■ PROBLEM
Using the listing below, set down exactly the lines from the one that contains "كبير جدًا أن" through the one that contains "Are you a fan", with no pictures.

■ RECORD EXCERPTS

= = =

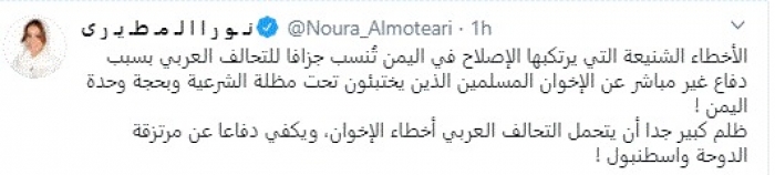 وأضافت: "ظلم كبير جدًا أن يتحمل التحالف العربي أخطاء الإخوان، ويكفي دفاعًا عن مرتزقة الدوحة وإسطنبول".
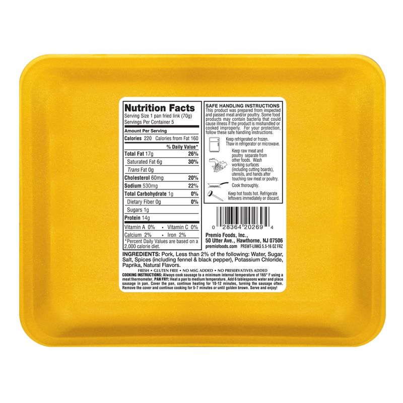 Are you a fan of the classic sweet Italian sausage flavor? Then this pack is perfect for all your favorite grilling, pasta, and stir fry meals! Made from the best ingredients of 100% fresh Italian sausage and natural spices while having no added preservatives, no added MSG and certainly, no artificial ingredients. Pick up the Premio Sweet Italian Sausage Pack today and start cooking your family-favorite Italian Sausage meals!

= = =

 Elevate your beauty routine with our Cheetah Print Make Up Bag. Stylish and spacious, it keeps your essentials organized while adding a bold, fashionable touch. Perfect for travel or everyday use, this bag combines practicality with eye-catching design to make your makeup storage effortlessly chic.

= = =

■ SOLVED EXERCISE
 وأضافت: "ظلم كبير جدًا أن يتحمل التحالف العربي أخطاء الإخوان، ويكفي دفاعًا عن مرتزقة الدوحة وإسطنبول".
 Are you a fan of the classic sweet Italian sausage flavor? Then this pack is perfect for all your favorite grilling, pasta, and stir fry meals! Made from the best ingredients of 100% fresh Italian sausage and natural spices while having no added preservatives, no added MSG and certainly, no artificial ingredients. Pick up the Premio Sweet Italian Sausage Pack today and start cooking your family-favorite Italian Sausage meals!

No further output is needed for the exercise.